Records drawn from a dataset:
╭──

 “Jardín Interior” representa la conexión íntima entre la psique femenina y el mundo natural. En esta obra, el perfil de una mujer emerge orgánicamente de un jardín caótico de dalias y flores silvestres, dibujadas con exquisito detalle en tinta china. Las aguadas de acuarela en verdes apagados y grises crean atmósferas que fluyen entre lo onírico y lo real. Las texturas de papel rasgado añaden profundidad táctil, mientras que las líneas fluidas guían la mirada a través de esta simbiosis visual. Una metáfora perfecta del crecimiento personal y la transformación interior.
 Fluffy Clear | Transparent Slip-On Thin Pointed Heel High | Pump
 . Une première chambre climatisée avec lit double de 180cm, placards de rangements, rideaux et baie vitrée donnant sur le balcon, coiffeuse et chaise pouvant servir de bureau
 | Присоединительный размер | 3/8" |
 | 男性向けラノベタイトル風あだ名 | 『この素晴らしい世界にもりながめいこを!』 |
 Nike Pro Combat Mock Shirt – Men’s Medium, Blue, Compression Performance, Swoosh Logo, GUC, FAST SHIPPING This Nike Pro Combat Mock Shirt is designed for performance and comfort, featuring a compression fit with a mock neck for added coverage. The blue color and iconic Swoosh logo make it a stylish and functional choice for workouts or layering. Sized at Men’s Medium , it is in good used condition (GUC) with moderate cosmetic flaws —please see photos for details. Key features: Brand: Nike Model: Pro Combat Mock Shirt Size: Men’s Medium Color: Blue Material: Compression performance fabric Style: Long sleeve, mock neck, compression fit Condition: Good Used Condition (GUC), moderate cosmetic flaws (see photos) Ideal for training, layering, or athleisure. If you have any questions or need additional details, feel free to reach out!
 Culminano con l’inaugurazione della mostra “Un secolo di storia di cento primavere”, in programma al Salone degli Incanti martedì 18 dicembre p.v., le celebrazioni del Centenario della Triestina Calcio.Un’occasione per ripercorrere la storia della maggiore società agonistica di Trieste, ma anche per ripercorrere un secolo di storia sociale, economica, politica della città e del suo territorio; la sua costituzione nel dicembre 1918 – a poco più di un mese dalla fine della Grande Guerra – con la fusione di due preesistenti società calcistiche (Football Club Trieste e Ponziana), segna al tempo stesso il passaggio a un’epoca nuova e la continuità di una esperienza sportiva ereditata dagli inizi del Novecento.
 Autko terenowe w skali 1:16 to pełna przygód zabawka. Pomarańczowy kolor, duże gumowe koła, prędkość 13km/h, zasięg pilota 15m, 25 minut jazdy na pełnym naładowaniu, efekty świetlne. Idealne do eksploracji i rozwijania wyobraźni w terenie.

╰──

Task to carry out — An exact copy of the lines from the one with "Culminano con l’inaugurazione" to the final line of the entries is all that the answer should hold.

Finished exercise —
 Culminano con l’inaugurazione della mostra “Un secolo di storia di cento primavere”, in programma al Salone degli Incanti martedì 18 dicembre p.v., le celebrazioni del Centenario della Triestina Calcio.Un’occasione per ripercorrere la storia della maggiore società agonistica di Trieste, ma anche per ripercorrere un secolo di storia sociale, economica, politica della città e del suo territorio; la sua costituzione nel dicembre 1918 – a poco più di un mese dalla fine della Grande Guerra – con la fusione di due preesistenti società calcistiche (Football Club Trieste e Ponziana), segna al tempo stesso il passaggio a un’epoca nuova e la continuità di una esperienza sportiva ereditata dagli inizi del Novecento.
 Autko terenowe w skali 1:16 to pełna przygód zabawka. Pomarańczowy kolor, duże gumowe koła, prędkość 13km/h, zasięg pilota 15m, 25 minut jazdy na pełnym naładowaniu, efekty świetlne. Idealne do eksploracji i rozwijania wyobraźni w terenie.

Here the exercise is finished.